The majority of previous systematic reviews and meta-analyses have looked at the efficacy of PTNS in adult patients with various conditions, such as OAB and sexual dysfunction (13-19). A meta-analysis evaluated the effect of neurostimulation therapy, including maximal electrical stimulation, Transcutaneous Electrical Nerve Stimulation (TENS), and PTNS, in children with non-neurogenic OAB (20). Another systematic review and meta-analysis compared the outcomes of parasacral electrical nerve stimulation for the treatment of LUTDs in children and reported the benefits of this therapeutic modality (21). Therefore, it was aimed to expand the inquiry on PTNS and examine its effects in managing LUTDs in pediatric patients.
Materials and Methods
The protocol for this systematic review has been duly recorded in the international prospective register of systematic reviews (PROSPERO) with the code CRD42021250560, which can be accessed at: https://www.crd.york.ac.uk/prospero/display_record.php?RecordID=250560. This protocol adheres to the guidelines set forth by the Preferred Reporting Items for Systematic Reviews and Meta-Analyses (PRISMA) (22).
Study selection criteriai.
PICOS criteria for the study
Population: Male and female patients aged <18 years with LUTDs, including chronic pelvic pain, OAB, neurogenic bladder, non-obstructive urinary retention, urinary incontinence, voiding dysfunction, monosymptomatic enuresis, and painful bladder syndrome comprised the population. Patients with a history of lower urinary tract surgery and concomitant treatment with anticholinergic agents or alpha-blockers were excluded.

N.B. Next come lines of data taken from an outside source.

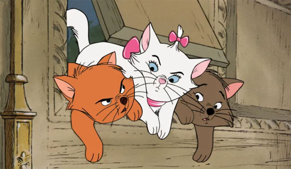 La versión original de 1970, dirigida por Wolfgang Reitherman, sigue el viaje de una familia de gatos que vive en ParÃs con Madame de Bonnefamille, una excéntrica millonaria. Un dÃa, esta última invita a su notario a legar toda su fortuna a sus compañeros de cuatro patas. Sin embargo, una cláusula en el testamento estipula que cuando los gatos mueran, su propiedad pasará a su mayordomo, Edgar. Este último hará todo lo posible para eliminar a los herederos peludos.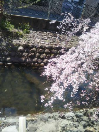 川面まで垂れ下がり水面に写る美しい桜 (2023年3月 高津区二子5丁目付近)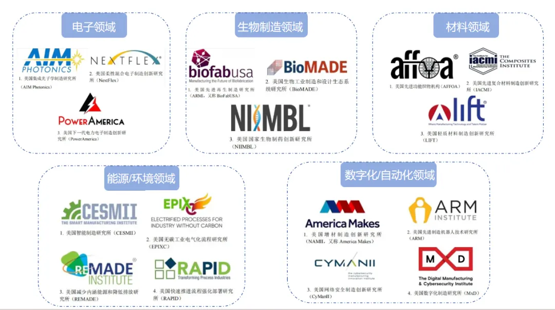 2012年美國計劃通過建立15個制造業(yè)創(chuàng)新研究所,打造覆蓋全美的制造業(yè)創(chuàng)新網(wǎng)絡。截至2023年11月,美國已設立17個制造業(yè)創(chuàng)新研究所,覆蓋電子、材料、能源/環(huán)境、數(shù)字化/自動化、生物制造領域。

Intervention and comparator: The intervention was PTNS, including both percutaneous and transcutaneous PTNS. Studies with two or more arms in which at least one arm received PTNS and sham-controlled trials were included. The comparator was anticholinergic agents, urotherapy, placebo, or any other intervention for LUTDs. PTNS was defined as the placement of electrodes (thin needles) into the skin near the ankle, through which a small electrical current was passed to stimulate the posterior tibial nerve. The studies which applied other interventions along with PTNS in the same arm were excluded.
Outcomes: The primary outcome of this systematic review was improvement of clinical symptoms (urgency, frequency, incontinence, or enuresis) or overall bladder symptoms. The secondary outcomes were Quality of Life (QoL) and urodynamic parameters.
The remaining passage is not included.